According to a second aspect of the present invention, in the first aspect of the present invention, a direct current is applied to the secondary coil of the inductor so that the relative phase between the drive voltage and the drive current output from the drive circuit becomes "0". By providing the common matching means for setting the power factor of the output of the drive circuit to "1" by controlling the current by the PLL, even if the resonance frequency of the piezoelectric vibrator changes, the piezoelectric vibrator and the drive circuit Automatically adjusts the power factor to "1", which can prevent the output of the piezoelectric vibrator from decreasing and contribute to power saving and efficiency improvement.

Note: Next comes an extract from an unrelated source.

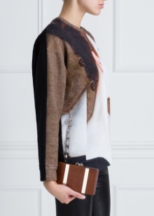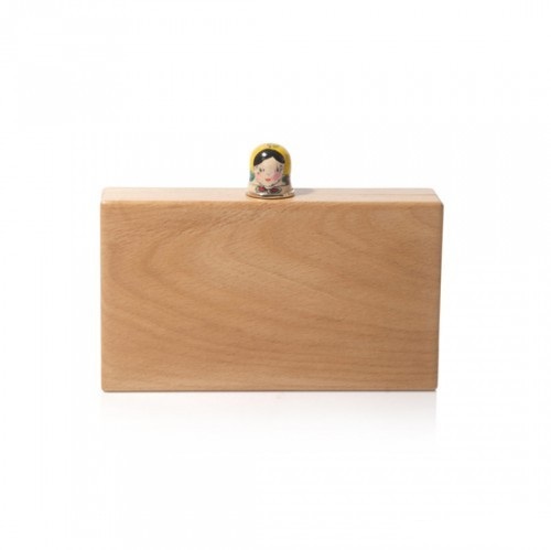 To complement the daily look, for example, consisting of denim shorts with bright print tops, you can add a stylish element in the form of a wooden clutch. Yes, it is wooden! Such an accessory will precisely dilute the everyday look and make it very creative. At the same time, the clutch does not look bulky, despite the rather complicated material.
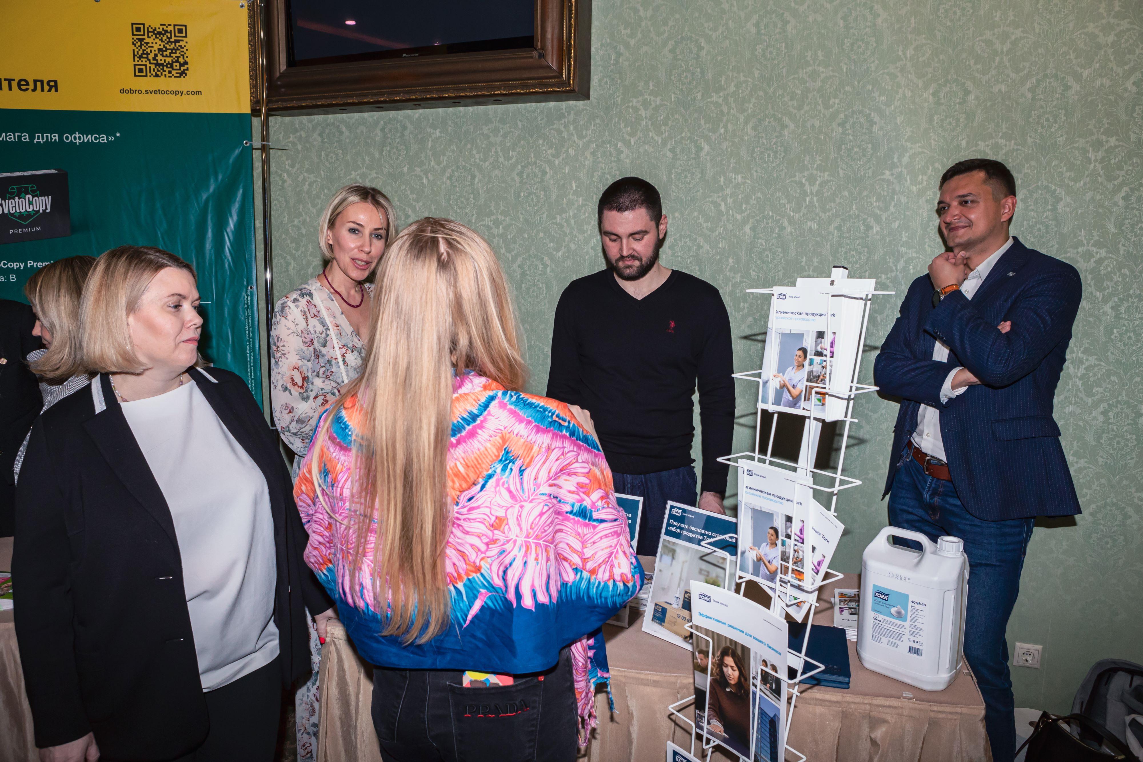 В завершение программы мероприятий в отеле «Золотое кольцо» прошла церемония вручения премий «Административный директор — 2022» и «Лучший офисный проект — 2022», на которых были отмечены лучшие решения для офисов. Во вручении наград в номинациях «Корпоративная культура» и в «Специальной номинации» приняли участие коммерческий директор профессионального ассортимента Tork Максим Барков и директор по продажам бренда Владимир Кузичкин.

Is.

[Brief description of drawings]

FIG. 1 is a block diagram showing an embodiment of the invention described in claim 1.

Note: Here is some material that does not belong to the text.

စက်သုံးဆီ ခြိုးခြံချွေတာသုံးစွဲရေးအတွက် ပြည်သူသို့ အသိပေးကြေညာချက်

FIG. 2 is a block diagram showing an embodiment of the invention described in claim 2.

[Explanation of symbols]

 1,17 Ultrasonic wave generator 5 Drive circuit 7 Inductor 8 Piezoelectric vibrator 10 Core 11 Secondary coil 12,18 Shared matching means

Claims (2)

[Claims] 1. A drive circuit is connected to a piezoelectric vibrator through an inductor for common matching, and a self-capacitance of the piezoelectric vibrator driven at a resonance frequency by drive power output from the drive circuit is set to the inductor. In an ultrasonic generator that compensates with an inductance to achieve joint matching, the primary coil located on the core forms the inductor, and the secondary coil sharing the core with the inductor has a variable current value. An ultrasonic wave generator comprising a common matching means for applying a free direct current to vary the inductance of the inductor. 2. The output of the drive circuit is controlled by PLL control of the direct current supplied to the secondary coil of the inductor so that the relative phase between the drive voltage and the drive current output by the drive circuit becomes “0”. The ultrasonic generator according to claim 1, further comprising a common matching means for setting the power factor to "1".